You may be aware that when you are pregnant you shouldn’t take a hot bath or shower, and you should limit the use of heating pads to 10-20 minutes to avoid your body temperature rising too much.
But with cold baths and showers becoming ever more popular, it’s also important to understand the safety implications of lowering your body temperature too much while pregnant.
So let’s jump in and investigate the effects of cold water during pregnancy, including taking cold baths and showers, swimming in cold water, and drinking cold water.
Effect of Cold Water Bath During Pregnancy
There are several potential benefits of having a cold shower or bath while pregnant, as well as some things you should be aware of and not overdo.
Benefits of Cold Water Baths While Pregnant
Some of the known benefits of having a cold water bath or shower during pregnancy include:
- Reduce Inflammation.
- Relieve Muscle Pain & Soreness, especially after exercising, lifting weights or working out.

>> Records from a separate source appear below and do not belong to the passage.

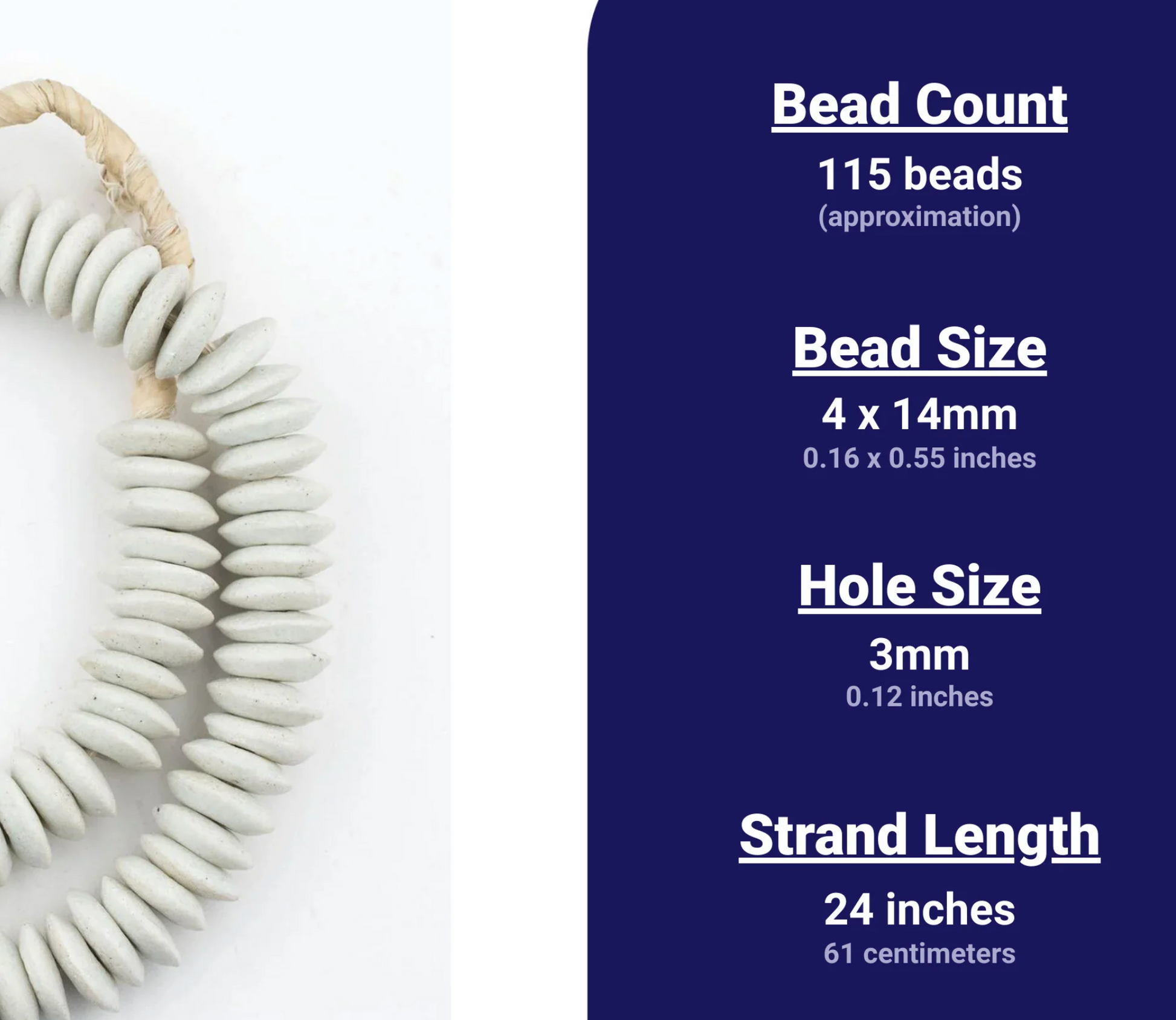 Checkout this beautiful strand of white color Ashanti glass saucer beads. The process of making these beads is unique to Africa and has been used for over 1000 years. Pulverized glass of various colors is poured into a clay mold, using a cassava stem for the bead's hole. The mold is placed in a furnace and heated until the glass particles congeal without actually melting and the stem burns out. The Ghanaians have been making beads in this manner since the 1600s. Each bead measures approximately 13-14mm in diameter.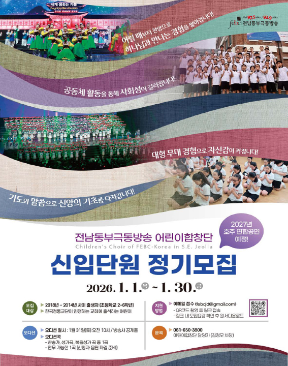 2026 광주극동방송 어린이합창단 신입단원 모집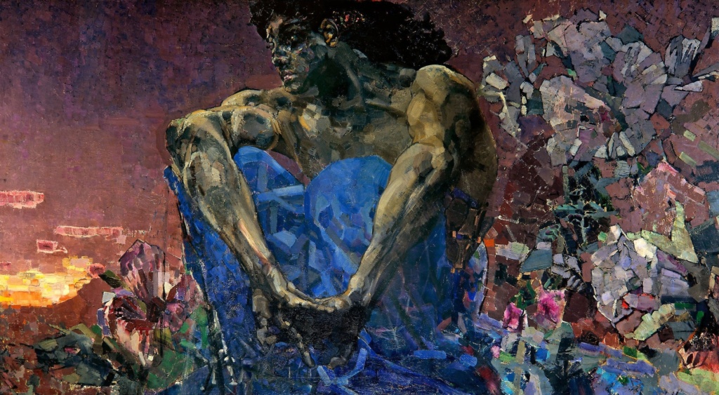 Меланхоличный «Демон» тоскует по живому миру. Окружающие его цветы — это холодные кристаллы, воспроизводящие изломы горных пород.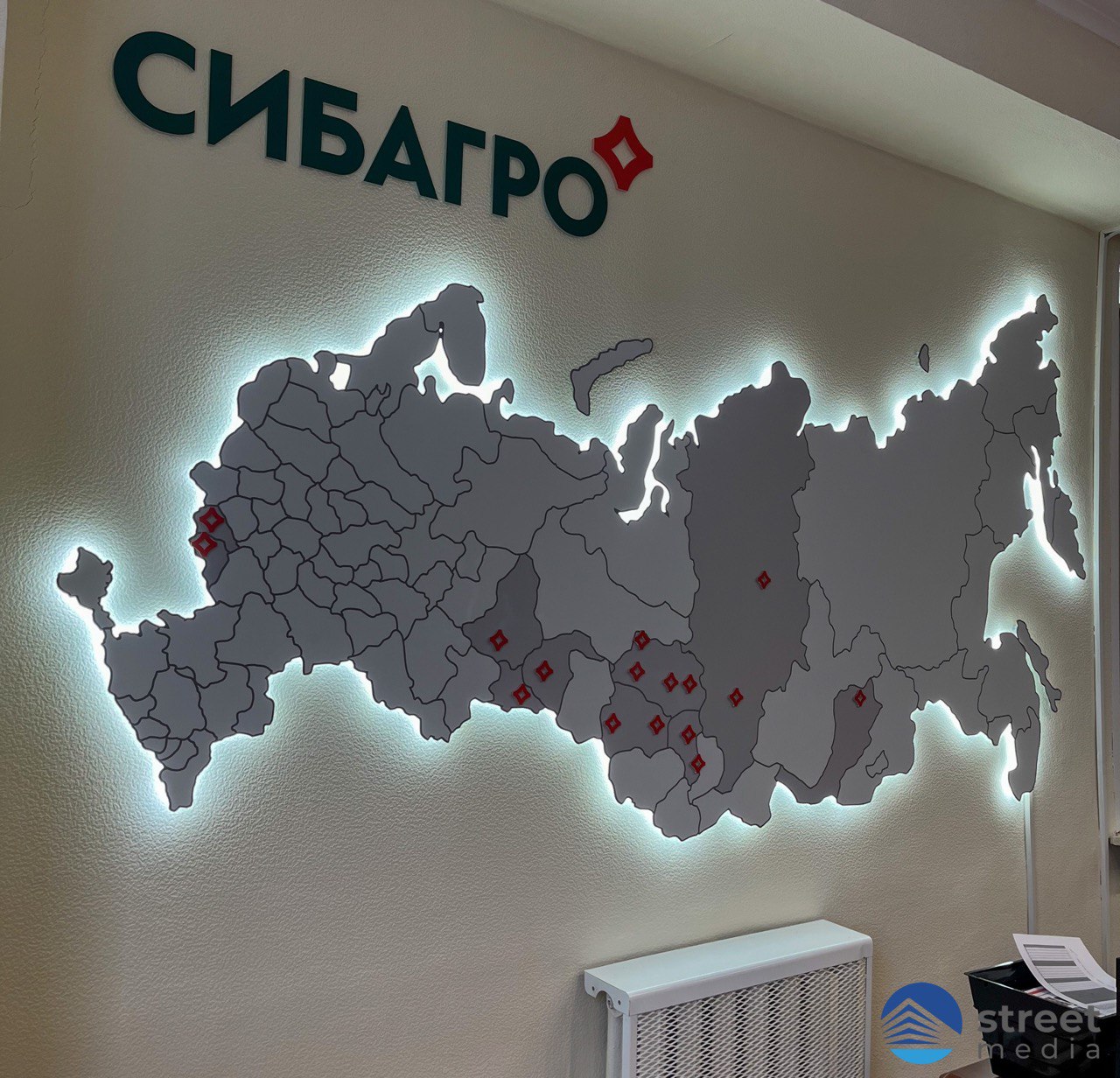 Наша команда закончила проект по изготовлению и установке интерьерной карты для крупного российского холдинга «Сибагро».

- Improve Blood Circulation.
- Lower Stress Levels.
- Reduce Fatigue & Boost Energy.
- Boost Metabolism.
- Experience A Better Birth Outcome.
Precautions When Taking Cold Baths During Pregnancy
There are some important things you should avoid and be aware of before plunging into a cold bath or shower while pregnant.
- Do Not Stay In The Water For Too Long: 2 to 4 minutes is about the right length of time.

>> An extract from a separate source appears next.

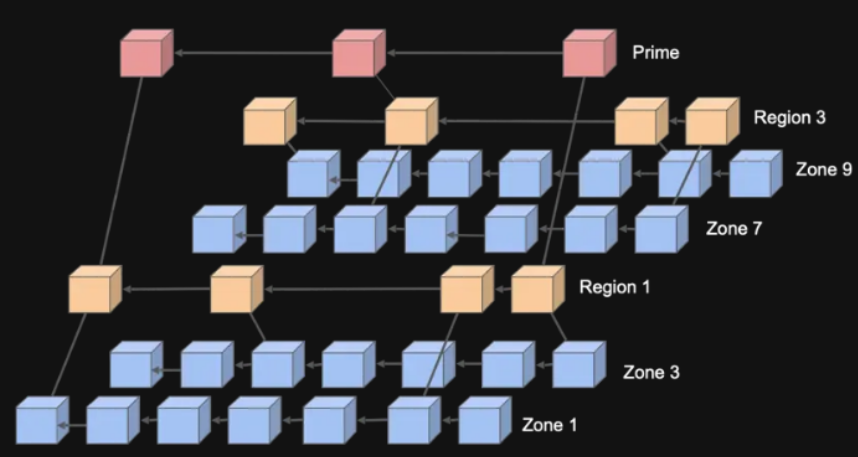 Quai는 Prime Chain, 3 Region Chain, 9 Zone Chain으로 구분되는 13개 체인의 네트워크입니다. Prime Chain은 채굴하기 가장 어렵지만 가장 중요합니다. Region Chain은 채굴이 덜 어렵지만 Zone Chain은 채굴이 가장 쉽습니다.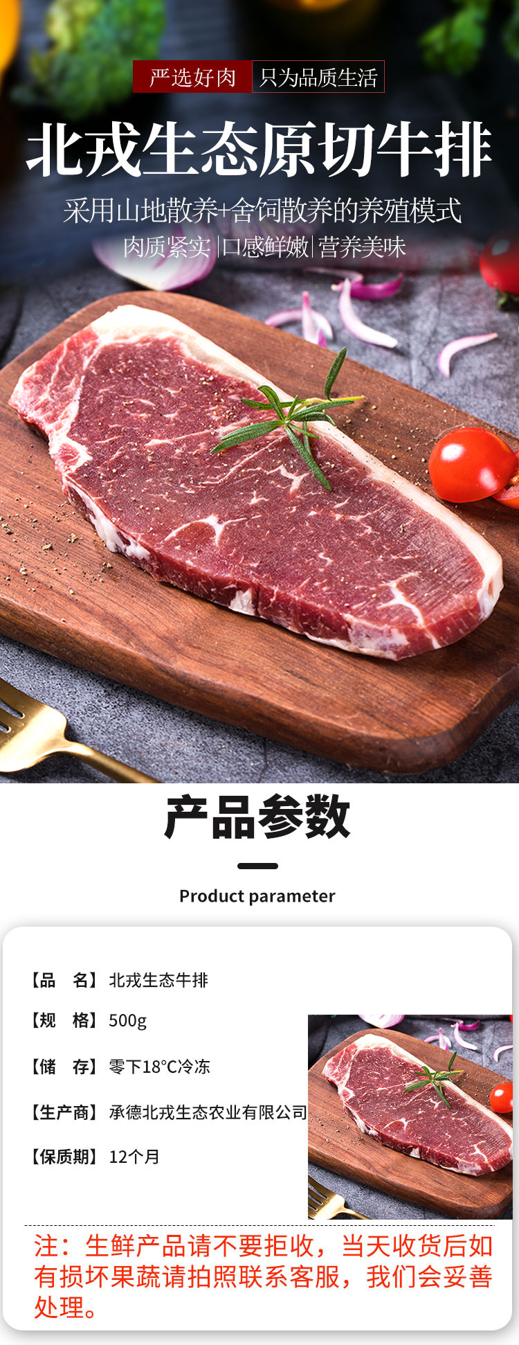 生态牛原切牛排500g眼肉上脑外脊牛排 山地散养谷饲牛冷冻生鲜 全国发货满额包邮

- Ensure The Water Is Not Too Cold: cold water is fine, but you don’t want it to be freezing cold.
- Avoid Taking A Very Hot Shower Before or After: doing so could cause your blood vessels to compress and may lead to dizziness or fainting.
Why Am I Craving Cold Water During Pregnancy?
Pregnancy cravings are a normal part of expecting, and some of the more popular ones include chocolate bars, hot chocolate, steak and protein snacks.
But it’s also fairly common for pregnant women to crave cold water while pregnant.
Experts suggest there are two main reasons for this:
1. You Want Something To Cool You Down
As you’ve probably experienced, it’s very common for pregnant women to feel hot whatever the indoor or outdoor temperature.
This is due to hormonal changes and because you are carrying around more weight, especially during your third trimester as your baby edges towards full term.
So reaching for a nice glass of cold water or some other cold drink is a lovely and refreshing way to cool down.
2. You Are Looking For Hydration
It’s very important for pregnant women to stay hydrated throughout pregnancy – typically you should drink about 2 litres of water per day during your pregnancy.
Often when you crave something during pregnancy, it’s your body’s way of telling you it needs more of something.
And craving cold water – for both its hydration and cooling properties – is no exception.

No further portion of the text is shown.